This repository hosts files and conversion scripts related to the St. Lawrence Island / Siberian Yupik Eskimo Dictionary compiled by Linda Womkon Badten (Aghnaghaghpik), Vera Oovi Keneshiro (Uqiitlek), Marie Oovi (Uvegtu), and Christopher Koonooka (Petuwaq); edited by Steven A. Jacobson; and published by the Alaska Native Language Center at the University of Alaska Fairbanks in 2008.
The code directory contains the following files:
This Python script requires Python 3.7 or later and the BeautifulSoup4 Python library, which can be installed in a local virtual environment as follows:
python3.7 -m venv venv
source venv/bin/activate
pip3 install beautifulsoup4
deactivate
The code can then be run as follows:
source venv/bin/activate
./code/html2xml.py data/foo.html
deactivate
Where base
or postbase
is substituted for foo
as appropriate.
This code is responsible for cleaning up the formatting tags and whitespace in the original html file, and creating the XML files. The idea is that this script should contain all of the tweaks and hacks necessary to handle any oddities in the original source files.
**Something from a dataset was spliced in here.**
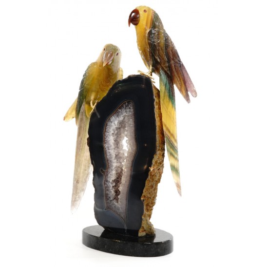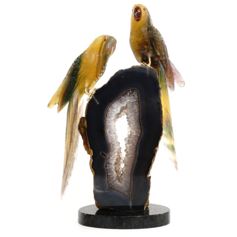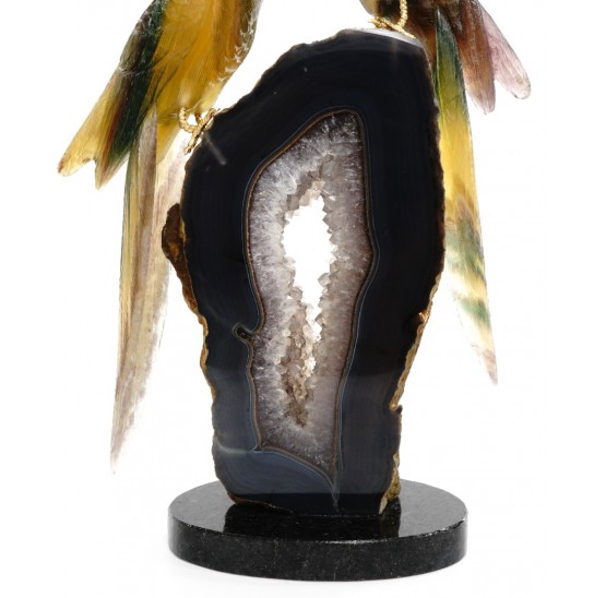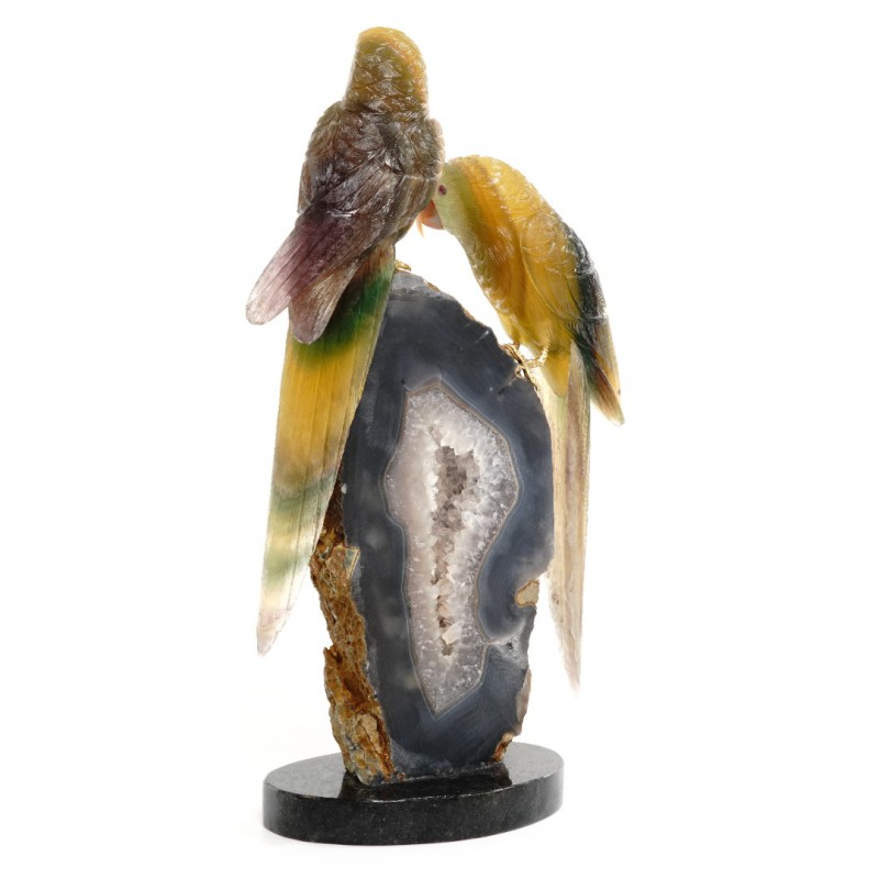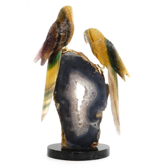 Head/Face/Body : Fluorite Bird's Eyes : Red Garnet Bird's Beak : Agate Crystal Base : Amethyst with Agate

The original source files themselves should not be edited.
The data directory contains the following files that were extracted from the original FileMaker Pro source files:
These files should not be edited.
The RTF files were produced using the following procedure:
- The relevant Filemaker Pro file was opened.
- Within Filemaker Pro, the Script Workspace was opened, and a new script was creating. The scripting command Copy All Records/Requests was added to the file, and the script was saved and then run.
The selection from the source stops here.